Question

Let \( X_1, \dots, X_5 \) be a random sample from \( N(\theta, 6) \), where \( \theta \in \mathbb{R} \), and let \( c(\theta) \) be the Cramer-Rao lower bound for the variances of unbiased estimators of \( \theta \) based on the above sample. Then \( 15 \cdot \inf_{\theta \in \mathbb{R}} c(\theta) \) equals _________ (answer in integer).

Hint:

For the Cramer-Rao lower bound, remember that it depends on the Fisher information, which can often be computed directly for common distributions like the normal distribution.

Answer 1

Step 1: Fisher Information for a single observation
For a normal distribution \( \mathcal{N}(\theta, \sigma^2) \), the Fisher Information is:
\[ I(\theta) = \frac{1}{\sigma^2} \] Given \( \sigma^2 = 6 \), we have: \[ I_1(\theta) = \frac{1}{6} \]

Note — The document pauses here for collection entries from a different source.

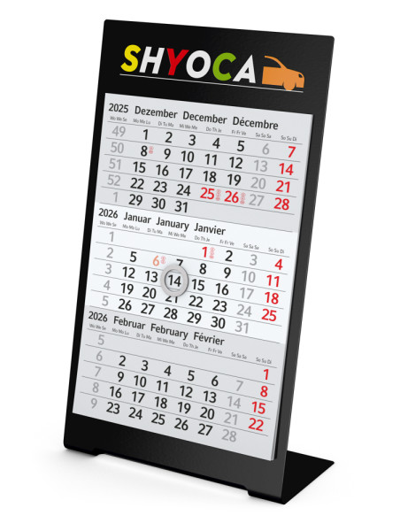Der Desktop 3 Color Bestseller verbindet modernes Design mit Funktionalität in einem hochwertigen Tischkalender. Mit einem farbig pulverbeschichteten Metallaufsteller und einem magnetischen Kalenderblock ist dieser Kalender sowohl praktisch als auch optisch ansprechend. Die individuelle Werbefläche und die hochwertige Verarbeitung machen ihn zu einem idealen Werbemittel für anspruchsvolle Unternehmen. Hergestellt in Deutschland, steht der Kalender für Qualität und Präzision. • Format: 105 × 230 mm gesamt (inkl. 50 mm Aufsteller-Fuß); 95 × 135 mm Kalendarium • Kalendarium: Deutsch 3sprachig D/GB/F hellgrau • Verarbeitung: Kalenderblocks mit Kopfleimung haften magnetisch auf dem pulverbeschichteten Metallaufsteller • Ausstattung: auf steller aus Metall (plano geliefert); Ringmagnet als Datumsschieber • Werbefläche: am Kopf • Druck: Siebdruck-Digital inklusive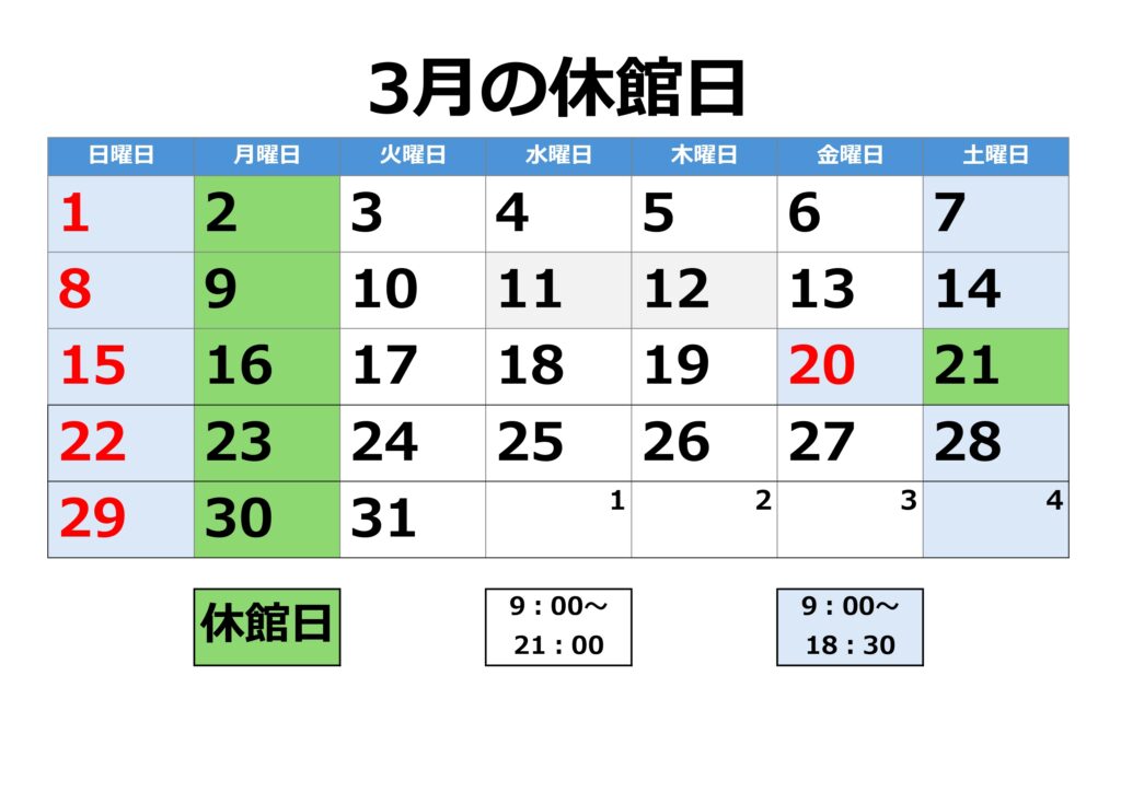 ・3月21日(土曜日)休館日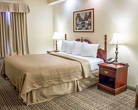 The Quality Inn in Goldsboro, NC offers easy access to Seymour Johnson Air Force Base, home to Air Combat Command’s 4th Fighter Wing. This interior hall hotel is also convenient to Herman Park, Berkeley Mall and the home of the world-famous Mt. Olive Pickle Company, as well as some of the best barbecue in Eastern North Carolina. Guests of the Quality Inn hotel are invited to relax in the seasonal outdoor pool, and enjoy amenities such as free continental breakfast and free high-speed Internet access. All guest rooms offer a flat-screen television with cable, coffee maker, microwave, pillow-top mattress, hair dryer, alarm clock, iron and ironing board. Some rooms feature a sofa sleeper. This is a pet-friendly hotel, with four-legged friends allowed to stay for a fee.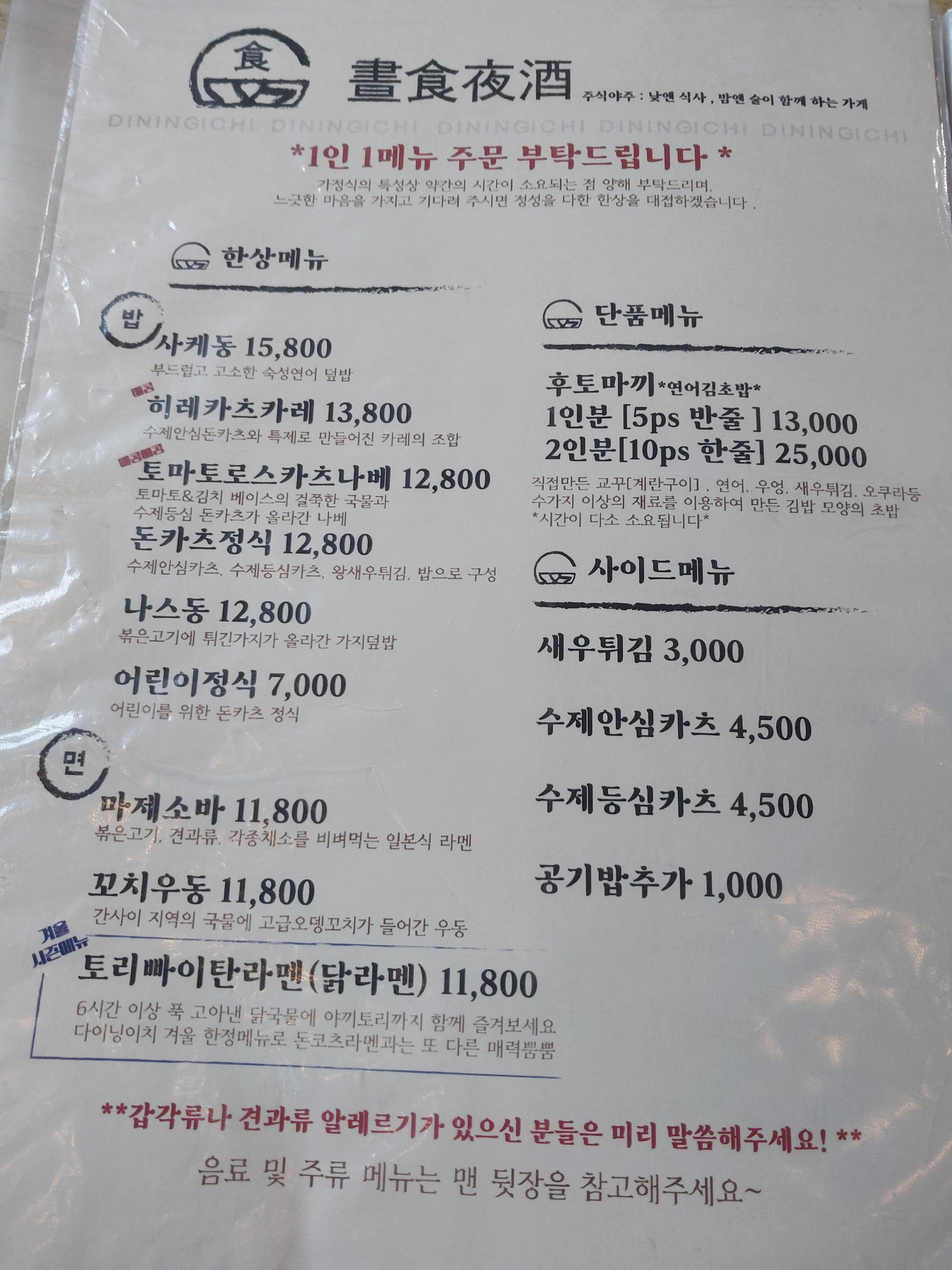 주간 식사 메뉴와 저녁 이자카야 메뉴입니다.

Step 2: Fisher Information for the full sample
Since the sample size is 5: \[ I_5(\theta) = 5 \cdot \frac{1}{6} = \frac{5}{6} \]

Step 3: Cramér-Rao Lower Bound
The CRLB is the reciprocal of the Fisher Information: \[ c(\theta) = \frac{1}{I_5(\theta)} = \frac{6}{5} \] This value is constant and does not depend on \( \theta \), so: \[ \inf_{\theta \in \mathbb{R}} c(\theta) = \frac{6}{5} \]

Step 4: Final Computation
\[ 15 \cdot \inf_{\theta \in \mathbb{R}} c(\theta) = 15 \cdot \frac{6}{5} = 18 \]

Final Answer: 18